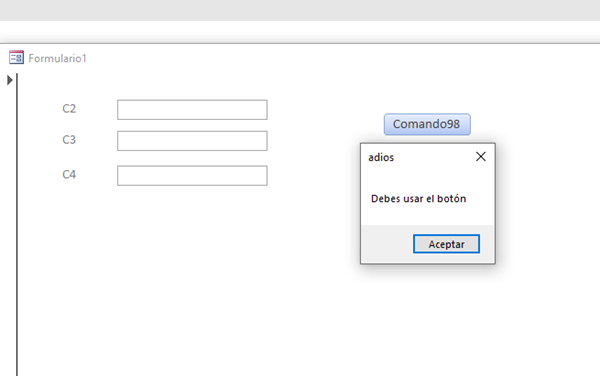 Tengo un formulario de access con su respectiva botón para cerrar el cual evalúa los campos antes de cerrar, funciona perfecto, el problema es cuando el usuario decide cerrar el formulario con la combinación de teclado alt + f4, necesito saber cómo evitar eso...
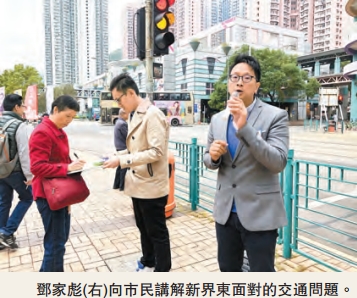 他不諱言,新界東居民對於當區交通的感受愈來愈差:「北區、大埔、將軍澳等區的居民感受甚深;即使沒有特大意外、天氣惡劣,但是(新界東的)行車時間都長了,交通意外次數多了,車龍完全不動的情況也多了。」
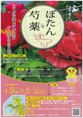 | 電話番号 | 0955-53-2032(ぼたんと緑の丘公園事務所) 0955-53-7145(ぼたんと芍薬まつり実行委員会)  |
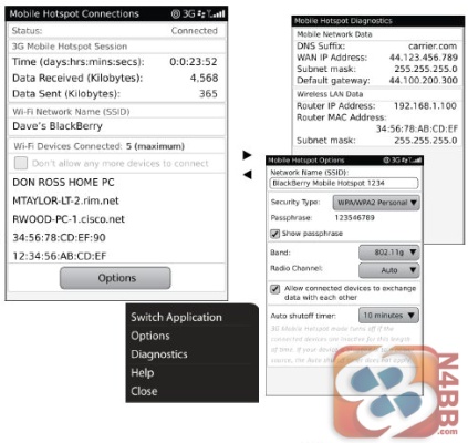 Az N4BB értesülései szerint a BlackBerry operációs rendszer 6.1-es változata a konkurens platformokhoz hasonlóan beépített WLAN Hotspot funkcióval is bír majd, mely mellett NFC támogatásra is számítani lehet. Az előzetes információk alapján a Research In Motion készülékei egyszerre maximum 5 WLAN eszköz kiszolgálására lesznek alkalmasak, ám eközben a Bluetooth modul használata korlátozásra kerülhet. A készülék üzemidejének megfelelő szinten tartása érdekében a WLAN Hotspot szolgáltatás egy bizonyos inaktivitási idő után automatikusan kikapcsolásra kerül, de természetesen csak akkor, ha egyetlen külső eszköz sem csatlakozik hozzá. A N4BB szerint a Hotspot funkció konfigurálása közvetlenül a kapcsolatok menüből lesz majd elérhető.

:::::

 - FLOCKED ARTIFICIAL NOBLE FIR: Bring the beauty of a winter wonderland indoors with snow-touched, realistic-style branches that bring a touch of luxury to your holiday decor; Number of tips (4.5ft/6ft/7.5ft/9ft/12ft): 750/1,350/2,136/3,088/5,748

:::::

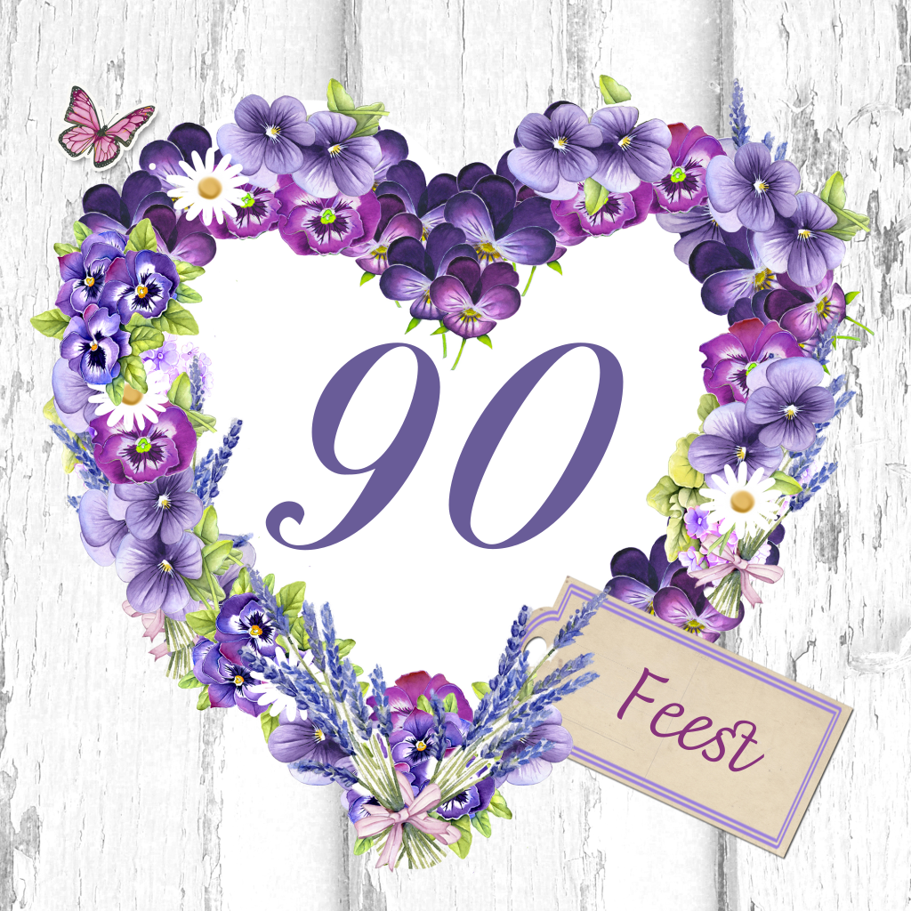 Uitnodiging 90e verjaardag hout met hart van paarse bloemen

:::::

Produce an exact reproduction of the listing above, limited to the lines starting at the line with "Tengo un formulario" and ending at the line with "Az N4BB értesülései", both kept, with every picture left out.

▸ RESPONSE FOR THIS EXERCISE
 Tengo un formulario de access con su respectiva botón para cerrar el cual evalúa los campos antes de cerrar, funciona perfecto, el problema es cuando el usuario decide cerrar el formulario con la combinación de teclado alt + f4, necesito saber cómo evitar eso...
 他不諱言,新界東居民對於當區交通的感受愈來愈差:「北區、大埔、將軍澳等區的居民感受甚深;即使沒有特大意外、天氣惡劣,但是(新界東的)行車時間都長了,交通意外次數多了,車龍完全不動的情況也多了。」
 | 電話番号 | 0955-53-2032(ぼたんと緑の丘公園事務所) 0955-53-7145(ぼたんと芍薬まつり実行委員会)  |
 Az N4BB értesülései szerint a BlackBerry operációs rendszer 6.1-es változata a konkurens platformokhoz hasonlóan beépített WLAN Hotspot funkcióval is bír majd, mely mellett NFC támogatásra is számítani lehet. Az előzetes információk alapján a Research In Motion készülékei egyszerre maximum 5 WLAN eszköz kiszolgálására lesznek alkalmasak, ám eközben a Bluetooth modul használata korlátozásra kerülhet. A készülék üzemidejének megfelelő szinten tartása érdekében a WLAN Hotspot szolgáltatás egy bizonyos inaktivitási idő után automatikusan kikapcsolásra kerül, de természetesen csak akkor, ha egyetlen külső eszköz sem csatlakozik hozzá. A N4BB szerint a Hotspot funkció konfigurálása közvetlenül a kapcsolatok menüből lesz majd elérhető.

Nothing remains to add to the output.